Michel Billé On a voulu protéger les personnes âgées, à domicile parfois, mais surtout en établissement. Cela part d’une bonne intention. Pour les protéger, on a voulu les confiner. Et pour confiner, on a fermé. On a empêché d’entrer dans les établissements des visiteurs de toute sorte, en particulier des proches, des aidants, des bénévoles… On a empêché aussi d’en sortir. Ce confinement a eu pour effet d’isoler les personnes. En établissement, il a été fréquent que cette absence de contacts a créé des difficultés pour les personnes âgées, qui se sont parfois trouvées désorientées. Quand on est habitué à dire bonjour, à se faire la bise, il est difficile de se priver de ce genre de relations. On a alors glissé de l’isolement à l’enfermement. Il y a eu trois étapes dans le processus : le confinement, l’isolement, l’enfermement. J’emploie volontairement ce mot terrible en référence aux travaux du philosophe Michel Foucault sur le grand enfermement dans les secteurs de la psychiatrie et du handicap, parce qu’ils traduisent une réalité. Des gens ont été enfermés à clé dans leur chambre d’Ehpad, au motif de les protéger et de protéger les autres d’un microbe qu’ils n’avaient pas. C’est terrible.
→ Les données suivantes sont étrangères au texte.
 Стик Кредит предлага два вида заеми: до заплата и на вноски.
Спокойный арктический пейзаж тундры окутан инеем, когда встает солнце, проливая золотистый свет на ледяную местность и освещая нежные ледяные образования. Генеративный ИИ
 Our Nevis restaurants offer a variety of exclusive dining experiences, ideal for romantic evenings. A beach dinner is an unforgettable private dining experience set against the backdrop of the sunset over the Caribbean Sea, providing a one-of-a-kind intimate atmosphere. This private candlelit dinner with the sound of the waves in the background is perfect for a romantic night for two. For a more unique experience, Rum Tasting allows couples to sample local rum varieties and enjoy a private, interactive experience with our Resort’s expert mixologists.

Comment en est-on arrivé là ?

Michel Billé C’est facile de jeter la pierre sur les établissements. Je ne sais pas si dans la même situation, j’aurais pu trouver une solution intelligente. Mais au-delà de cet épisode de Covid-19 et de confinement, au-delà des attitudes abusives, outrancières, liberticides qu’on a pu observer, il faut ouvrir une réflexion éthique sur ce qui s’est passé et repérer ce qui n’est pas acceptable pour que ça ne se reproduise pas. Cette crise du Covid doit nous amener à regarder différemment les réponses que nous apportons à celles et ceux de nos contemporains qui ont besoin de soins et d’accompagnement. Un établissement d’hébergement pour personnes âgées dépendantes est une réponse. Mais correspond-il aujourd’hui aux attentes de la personne ? Comment pourrait-on ouvrir différemment l’établissement, inventer des réponses à domicile, des allers-retours entre les deux ? Il faut accepter de rouvrir toutes ces questions.
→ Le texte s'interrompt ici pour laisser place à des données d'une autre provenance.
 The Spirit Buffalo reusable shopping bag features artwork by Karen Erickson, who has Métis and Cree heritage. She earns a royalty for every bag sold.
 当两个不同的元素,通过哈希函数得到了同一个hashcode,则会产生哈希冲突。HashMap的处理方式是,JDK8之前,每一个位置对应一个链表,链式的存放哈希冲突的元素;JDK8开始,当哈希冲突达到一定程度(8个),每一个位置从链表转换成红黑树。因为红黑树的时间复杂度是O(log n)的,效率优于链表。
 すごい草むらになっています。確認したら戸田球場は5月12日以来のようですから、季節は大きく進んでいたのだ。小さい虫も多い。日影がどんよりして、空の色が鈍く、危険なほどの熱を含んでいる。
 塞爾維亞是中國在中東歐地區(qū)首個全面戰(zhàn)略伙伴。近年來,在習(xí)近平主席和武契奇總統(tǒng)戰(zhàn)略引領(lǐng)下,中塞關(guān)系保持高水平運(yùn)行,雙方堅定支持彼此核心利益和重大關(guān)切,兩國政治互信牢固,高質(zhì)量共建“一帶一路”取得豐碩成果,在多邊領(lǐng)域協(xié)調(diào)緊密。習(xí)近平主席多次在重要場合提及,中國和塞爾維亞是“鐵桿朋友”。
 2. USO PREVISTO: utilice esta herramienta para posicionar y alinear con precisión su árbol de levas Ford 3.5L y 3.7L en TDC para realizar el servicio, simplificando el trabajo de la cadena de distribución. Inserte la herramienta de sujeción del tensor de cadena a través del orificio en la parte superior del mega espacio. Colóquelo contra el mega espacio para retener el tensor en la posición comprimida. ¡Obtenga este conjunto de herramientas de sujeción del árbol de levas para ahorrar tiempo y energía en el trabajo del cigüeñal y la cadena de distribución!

Comment nos anciens ont-ils pu glisser du statut de sages à celui de personnes à charge dans notre société ?
Michel Billé Ce qui induit ce glissement, c’est cette terrible notion d’utilité sociale liée au monde de la production, au monde industriel et à la société capitaliste ultralibérale. Regarder avec quels mots on ose parler. On divise la société française entre actifs et inactifs. Que les retraités ne soient pas actifs de la même manière, dans le même domaine que ceux qui travaillent, c’est une évidence. Mais dire qu’ils sont inactifs, c’est absurde. En fait, derrière l’opposition actif/inactif se cache celle de productif/non productif. Ce qui est non productif est inutile, donc indésirable. Ajouter à cela la peur de la mort… Nous devons personnellement aider les gens à changer le regard porté sur la vieillesse. Nous avons l’habitude lamentable de regarder les sommes consacrées à l’accompagnement comme des charges, des dépenses. Oui, il y a des sommes d’argent à consacrer à la vieillesse, mais il faut les regarder comme un investissement, porteur d’emplois multiples, directs et indirects, de développement économique, d’échanges. L’argent pour les vieux, c’est l’emploi des jeunes.

Entretien réalisé par Kareen Janselme

Le 5e risque, un serpent de mer vieux de vingt ans

Depuis plus de vingt ans, les gouvernements français évoquent la création d’une cinquième branche de la Sécurité sociale, qui viserait à prendre en charge la dépendance liée au grand âge ou au handicap. Si le ministre des Solidarités et de la Santé, Olivier Véran, a lancé en juin des travaux et attendait un rapport prévu en septembre, les députés ont finalement voté avant la rentrée sa création. De « l’affichage », estime le député PCF Pierre Dharréville alors que les financements restent à imaginer.